→ Description of the task: Would you please retype, exactly, the lines of the listing below between the line with "George Womens Black" and the line with "哈师大附中、东北师大附中、辽", inclusive?

→ Given data:
· · · · ·

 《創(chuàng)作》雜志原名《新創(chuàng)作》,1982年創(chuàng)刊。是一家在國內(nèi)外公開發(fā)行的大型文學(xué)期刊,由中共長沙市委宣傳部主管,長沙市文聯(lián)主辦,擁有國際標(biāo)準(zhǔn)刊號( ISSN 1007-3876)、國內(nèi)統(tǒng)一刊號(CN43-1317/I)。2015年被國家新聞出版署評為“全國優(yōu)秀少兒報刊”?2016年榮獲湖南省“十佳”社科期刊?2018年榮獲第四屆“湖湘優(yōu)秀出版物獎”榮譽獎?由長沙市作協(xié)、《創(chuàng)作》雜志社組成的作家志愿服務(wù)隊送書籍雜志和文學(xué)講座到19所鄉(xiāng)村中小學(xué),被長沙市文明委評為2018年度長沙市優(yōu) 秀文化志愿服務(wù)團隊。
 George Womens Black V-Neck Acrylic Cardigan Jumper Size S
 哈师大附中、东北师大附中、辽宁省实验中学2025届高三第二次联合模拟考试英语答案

· · · · ·

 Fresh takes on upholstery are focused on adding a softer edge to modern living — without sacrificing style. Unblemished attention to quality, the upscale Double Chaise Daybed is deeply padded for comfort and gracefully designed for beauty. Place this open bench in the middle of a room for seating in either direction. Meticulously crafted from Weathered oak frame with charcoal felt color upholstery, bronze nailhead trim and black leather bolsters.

· · · · ·

→ Response area:
 George Womens Black V-Neck Acrylic Cardigan Jumper Size S
 哈师大附中、东北师大附中、辽宁省实验中学2025届高三第二次联合模拟考试英语答案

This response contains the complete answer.